The Paper's special correspondent Dzolan

Interview with | Shen Dacheng: I want my characters to live in a relaxed world

Writer Shen Dacheng

Since the publication of her first short story collection "The Man Who Has Been Remembered Repeatedly" in 2017, Shen Dacheng has published her short story collections at a speed of nearly two years. Most of these works were published in the "Strange People" column of Sprout magazine. In the recently published third collection of short stories, "The Lost Man", Shen Dacheng writes about people who know the mysteries of the universe, tribal boys who intuitively perceive their people, clerks hiding in the depths of the garden...

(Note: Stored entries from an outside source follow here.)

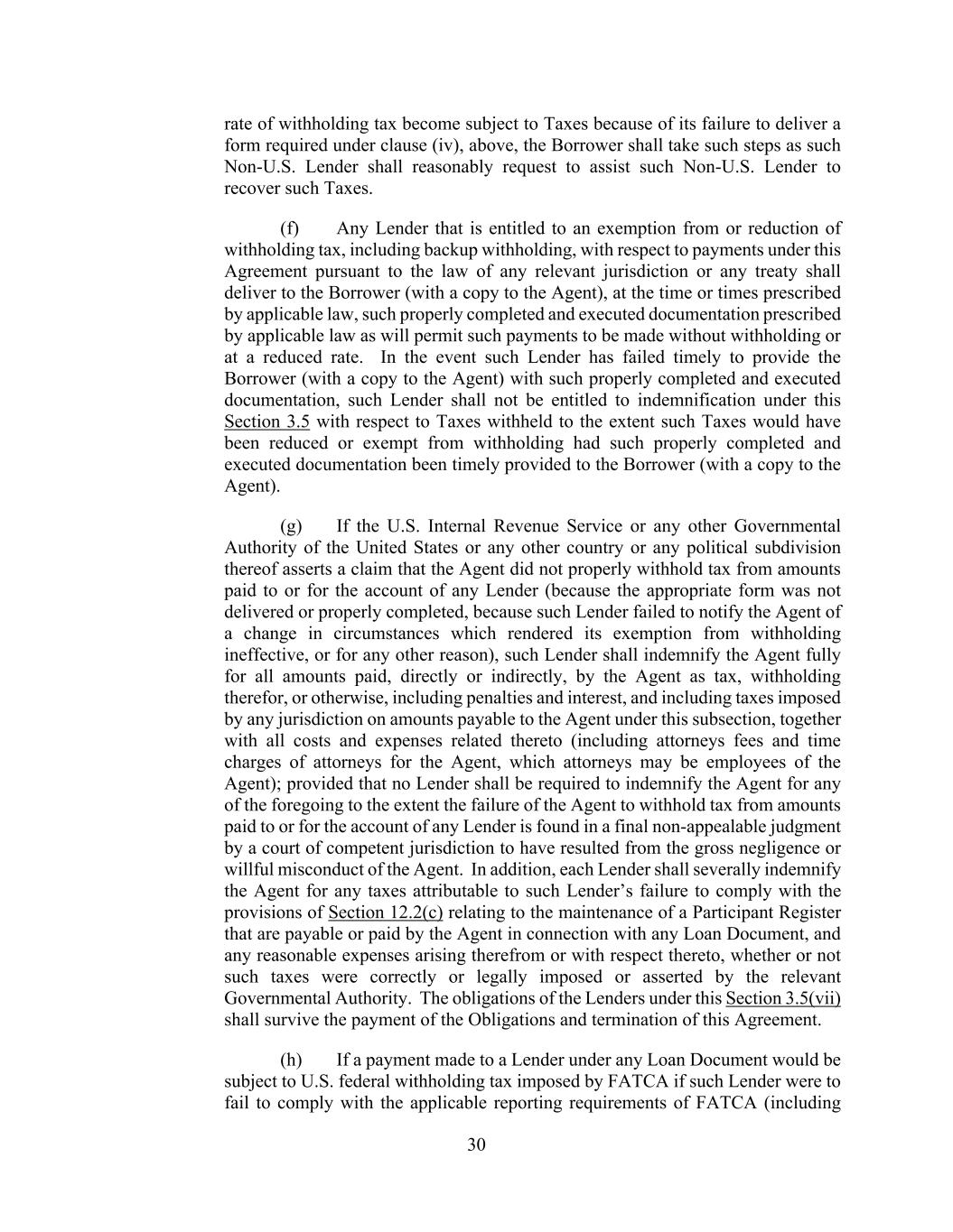 30 rate of withholding tax become subject to Taxes because of its failure to deliver a form required under clause (iv), above, the Borrower shall take such steps as such Non-U.S. Lender shall reasonably request to assist such Non-U.S. Lender to recover such Taxes. (f) Any Lender that is entitled to an exemption from or reduction of withholding tax, including backup withholding, with respect to payments under this Agreement pursuant to the law of any relevant jurisdiction or any treaty shall deliver to the Borrower (with a copy to the Agent), at the time or times prescribed by applicable law, such properly completed and executed documentation prescribed by applicable law as will permit such payments to be made without withholding or at a reduced rate. In the event such Lender has failed timely to provide the Borrower (with a copy to the Agent) with such properly completed and executed documentation, such Lender shall not be entitled to indemnification under this Section 3.5 with respect to Taxes withheld to the extent such Taxes would have been reduced or exempt from withholding had such properly completed and executed documentation been timely provided to the Borrower (with a copy to the Agent). (g) If the U.S. Internal Revenue Service or any other Governmental Authority of the United States or any other country or any political subdivision thereof asserts a claim that the Agent did not properly withhold tax from amounts paid to or for the account of any Lender (because the appropriate form was not delivered or properly completed, because such Lender failed to notify the Agent of a change in circumstances which rendered its exemption from withholding ineffective, or for any other reason), such Lender shall indemnify the Agent fully for all amounts paid, directly or indirectly, by the Agent as tax, withholding therefor, or otherwise, including penalties and interest, and including taxes imposed by any jurisdiction on amounts payable to the Agent under this subsection, together with all costs and expenses related thereto (including attorneys fees and time charges of attorneys for the Agent, which attorneys may be employees of the Agent); provided that no Lender shall be required to indemnify the Agent for any of the foregoing to the extent the failure of the Agent to withhold tax from amounts paid to or for the account of any Lender is found in a final non-appealable judgment by a court of competent jurisdiction to have resulted from the gross negligence or willful misconduct of the Agent. In addition, each Lender shall severally indemnify the Agent for any taxes attributable to such Lender’s failure to comply with the provisions of Section 12.2(c) relating to the maintenance of a Participant Register that are payable or paid by the Agent in connection with any Loan Document, and any reasonable expenses arising therefrom or with respect thereto, whether or not such taxes were correctly or legally imposed or asserted by the relevant Governmental Authority. The obligations of the Lenders under this Section 3.5(vii) shall survive the payment of the Obligations and termination of this Agreement. (h) If a payment made to a Lender under any Loan Document would be subject to U.S. federal withholding tax imposed by FATCA if such Lender were to fail to comply with the applicable reporting requirements of FATCA (including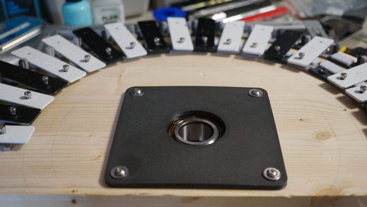 Platformas turēšanai stāv skaists 3205 radiālaksiālais gultnis, kurš šim projektam un tā vieglajai platformai, visdrīzāk, ir overkills, bet jūtas ārkārtīgi patīkami. Tas ir iespiests starp divām no ASA drukātām plāksnēm.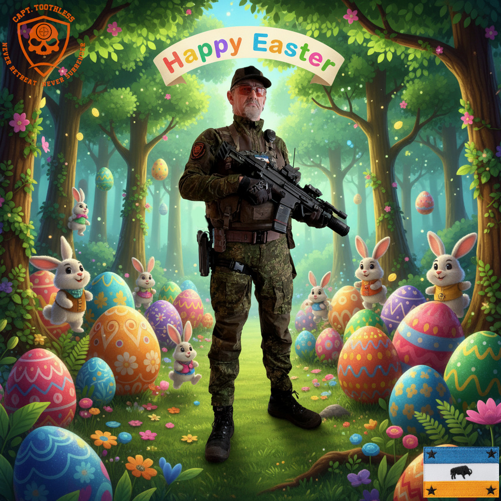 These are violent times so we, the Elbonian Defense Force, took it upon ourselves to dispatch a detail protect the easterbunny and make sure children get the eggs, chocolate and real, they deserve.

These characters have no specific names and origins, are inherently given identity freedom and less practical qualities, but often stop and go because of some small dilemmas. In the author's own words, it's a bunch of people who "walk around" and "they're still walking back and forth in a certain range, trying to solve problems."

This is not the first time Shen Dacheng has written such a character. In "The Man Who Remembers Again", Poe, a boy with a long pocket on his body, lives in someone else's house, and from time to time he has to face the contempt of normal people. In the second short story collection, "Asteroids Fall in the Afternoon", in order to prevent being infected by the virus, a girl puts herself into a transparent box, and she becomes "Miss Boxman". Because this "Miss Box Man" coincides with some social conditions under the new crown epidemic, Shen Dacheng is also frequently "cared for" by readers. Shen Dacheng felt grateful for this, thanking someone for reading her short story. She didn't feel great about herself, and it seemed to her that fiction and reality were growing, and it was normal to meet at some point.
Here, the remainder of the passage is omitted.